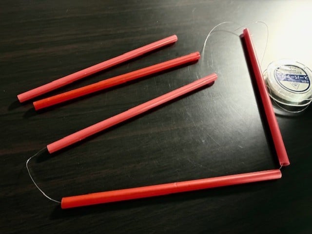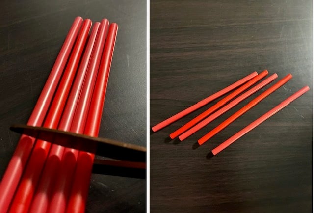 1.ストローを5本とも、同じ長さに切り揃えます。
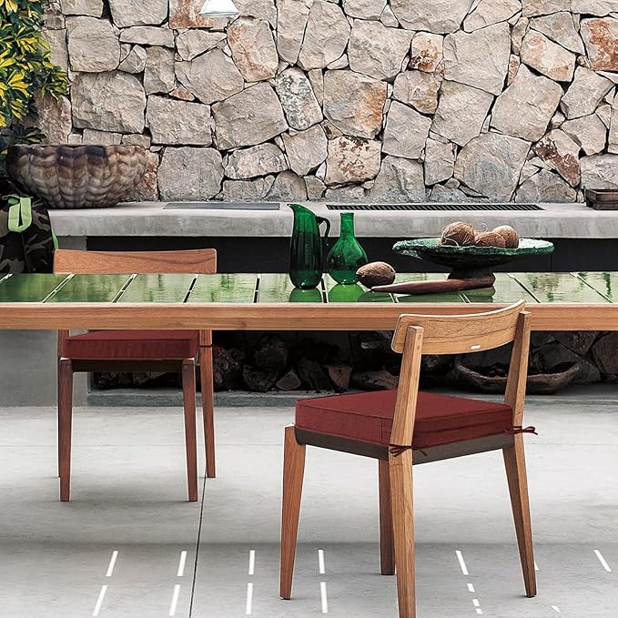 Sunbrella Square Corner Seat Cushions, 18.5" x 16" x 3", Set of 4, Indoor Outdoor Water Repellent Universal Chair Pads with Ties for Patio Furniture, Garden Dining Chairs, Spectrum Brick
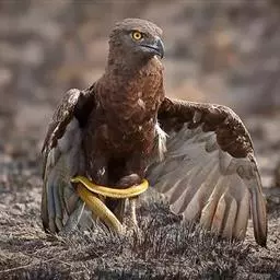 主要以野兔、啮齿动物、蛙、蜥蜴、蛇、雉鸡和其他鸟类与鸟卵等为食,有时也吃死鱼和其他动物尸体。有趣的是,它还可以象家鸡一样在地面上走来走去,寻找甲虫等来充饥。通常站在一走地方等待和观察动物活动,或者在飞翔时紧紧地盯着地面,发现猎物则立刻冲下捕捉。
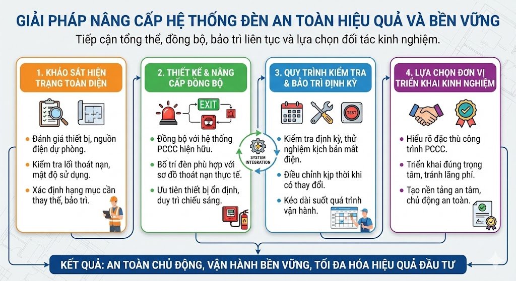 Một giải pháp bền vững là nâng cấp hệ thống đèn an toàn theo hướng đồng bộ với toàn bộ hệ thống PCCC hiện hữu. Đèn chiếu sáng sự cố và đèn chỉ dẫn thoát nạn cần được bố trí phù hợp với sơ đồ thoát nạn thực tế, đồng thời đảm bảo khả năng tự động kích hoạt khi có sự cố. Việc lựa chọn thiết bị cần ưu tiên tính ổn định, khả năng duy trì chiếu sáng trong thời gian cần thiết và sự phù hợp với điều kiện vận hành lâu dài, thay vì chỉ chú trọng giá thành ban đầu.
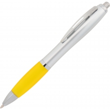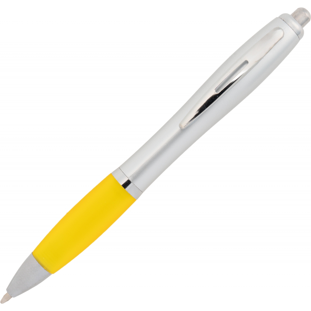 Classic plastic pen is a top seller among promotional gadgets. Equipped with a non-slip rubber grip area, it ensures a secure hold and comfort while writing. Shiny finishing elements give it a modern look, and the click mechanism allows for easy and quick ink refill extension.
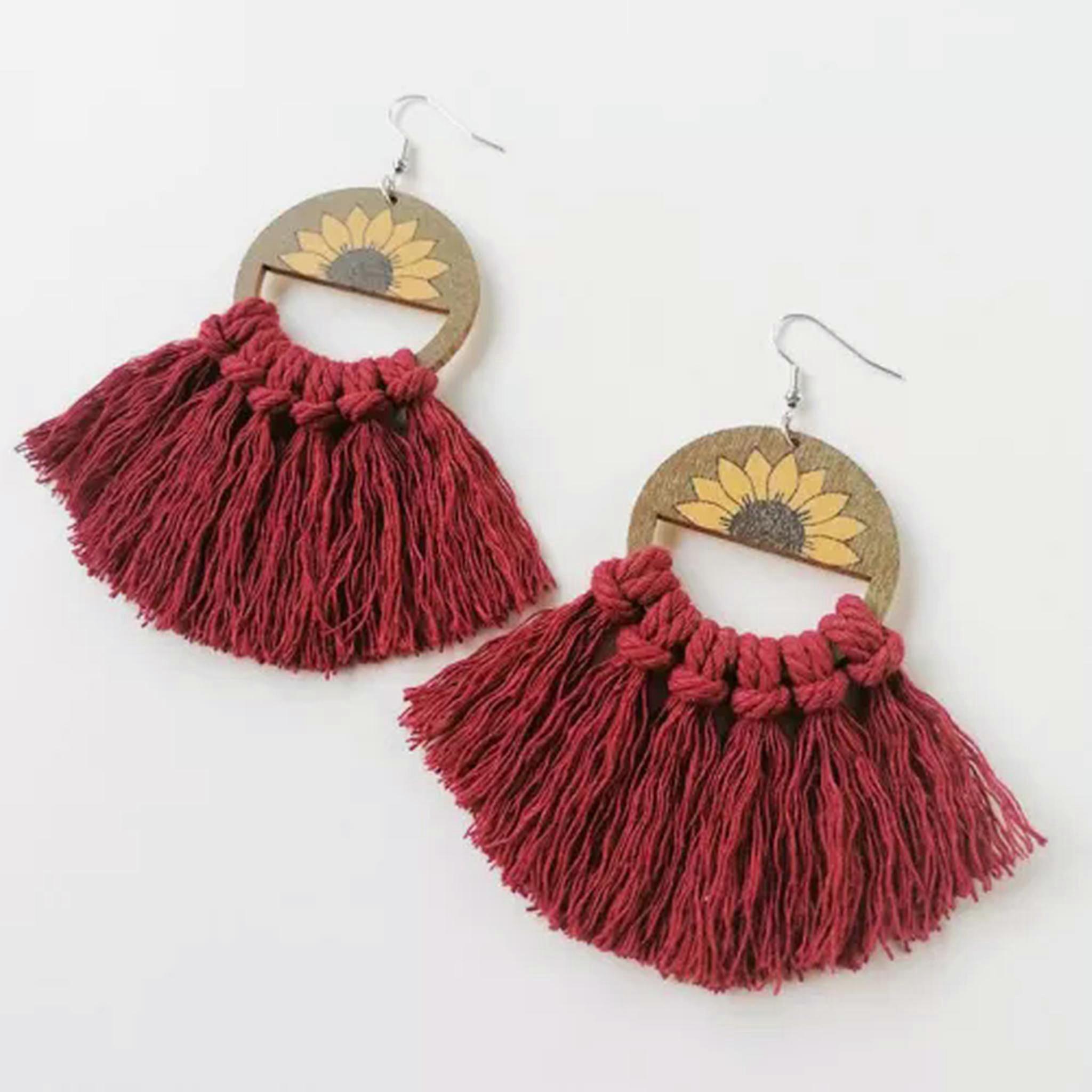 RSAMD Bohemia Morandi Leopard Wood Cotton Fringe Tassel Statement Earrings for Women-C6
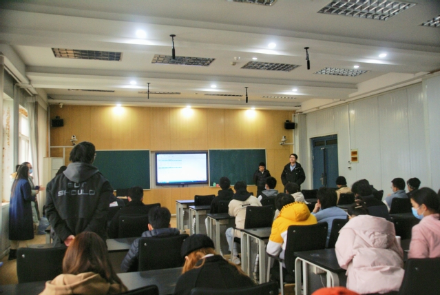 本网讯(记者 李鑫)12月18日下午两点,第四届方正璞华金种子班开班仪式在实验楼智慧教室s4413举行。公司代表谢东霖、计算机学院教学办曹晓明、18级计算机科学与技术日语双学位班辅导员邓家桃以及18级计算机科学与技术日语双学位全体同学参与本次方正见习线下见面会。
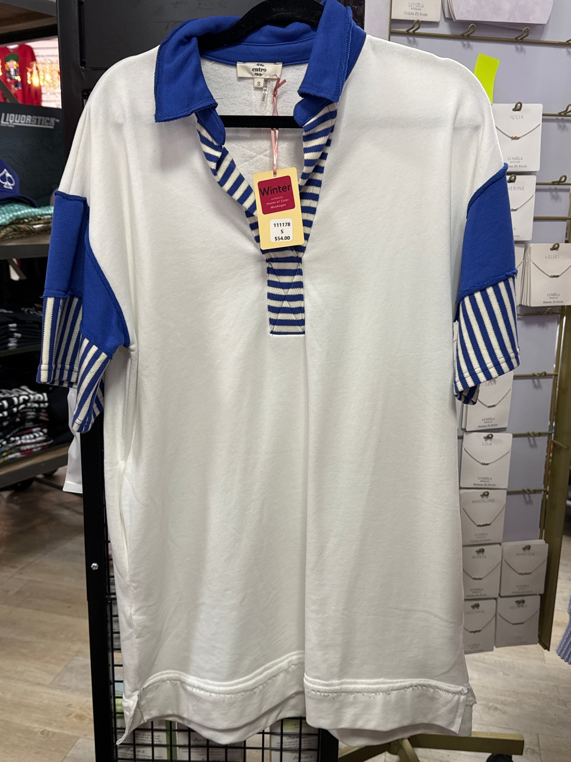 OFF WHITE/BLUE STRIPE POLO SHIRT DRESS
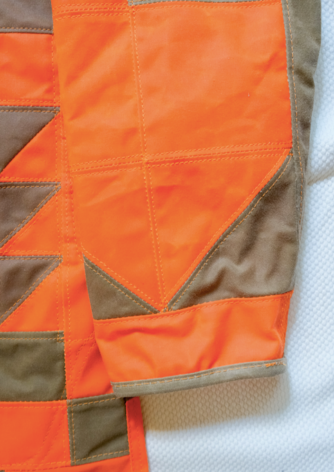 - Quilted using scraps and roll ends of forest green up-cycled oilcloth and white ethically sourced waxed cotton.
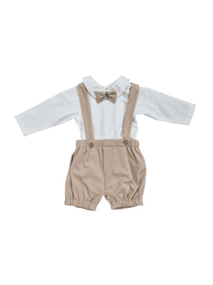 QUESTO COMPLETO È L,IDEALE PER LE OCCASIONI SPECIALI COME BATTESIMI, MATRIMONI O FESTE DI FAMIGLIA. COMBINA IL COMFORT DEI TESSUTI MORBIDI CON UN DESIGN DA PICCOLO GENTILUOMO, GARANTENDO STILE E COMODITÀ.

********

▶ **Task description**
Please reproduce every entry above exactly, but leave out the pictures.

▶ **Your response**
 1.ストローを5本とも、同じ長さに切り揃えます。
 Sunbrella Square Corner Seat Cushions, 18.5" x 16" x 3", Set of 4, Indoor Outdoor Water Repellent Universal Chair Pads with Ties for Patio Furniture, Garden Dining Chairs, Spectrum Brick
 主要以野兔、啮齿动物、蛙、蜥蜴、蛇、雉鸡和其他鸟类与鸟卵等为食,有时也吃死鱼和其他动物尸体。有趣的是,它还可以象家鸡一样在地面上走来走去,寻找甲虫等来充饥。通常站在一走地方等待和观察动物活动,或者在飞翔时紧紧地盯着地面,发现猎物则立刻冲下捕捉。
 Một giải pháp bền vững là nâng cấp hệ thống đèn an toàn theo hướng đồng bộ với toàn bộ hệ thống PCCC hiện hữu. Đèn chiếu sáng sự cố và đèn chỉ dẫn thoát nạn cần được bố trí phù hợp với sơ đồ thoát nạn thực tế, đồng thời đảm bảo khả năng tự động kích hoạt khi có sự cố. Việc lựa chọn thiết bị cần ưu tiên tính ổn định, khả năng duy trì chiếu sáng trong thời gian cần thiết và sự phù hợp với điều kiện vận hành lâu dài, thay vì chỉ chú trọng giá thành ban đầu.
 Classic plastic pen is a top seller among promotional gadgets. Equipped with a non-slip rubber grip area, it ensures a secure hold and comfort while writing. Shiny finishing elements give it a modern look, and the click mechanism allows for easy and quick ink refill extension.
 RSAMD Bohemia Morandi Leopard Wood Cotton Fringe Tassel Statement Earrings for Women-C6
 本网讯(记者 李鑫)12月18日下午两点,第四届方正璞华金种子班开班仪式在实验楼智慧教室s4413举行。公司代表谢东霖、计算机学院教学办曹晓明、18级计算机科学与技术日语双学位班辅导员邓家桃以及18级计算机科学与技术日语双学位全体同学参与本次方正见习线下见面会。
 OFF WHITE/BLUE STRIPE POLO SHIRT DRESS
 - Quilted using scraps and roll ends of forest green up-cycled oilcloth and white ethically sourced waxed cotton.
 QUESTO COMPLETO È L,IDEALE PER LE OCCASIONI SPECIALI COME BATTESIMI, MATRIMONI O FESTE DI FAMIGLIA. COMBINA IL COMFORT DEI TESSUTI MORBIDI CON UN DESIGN DA PICCOLO GENTILUOMO, GARANTENDO STILE E COMODITÀ.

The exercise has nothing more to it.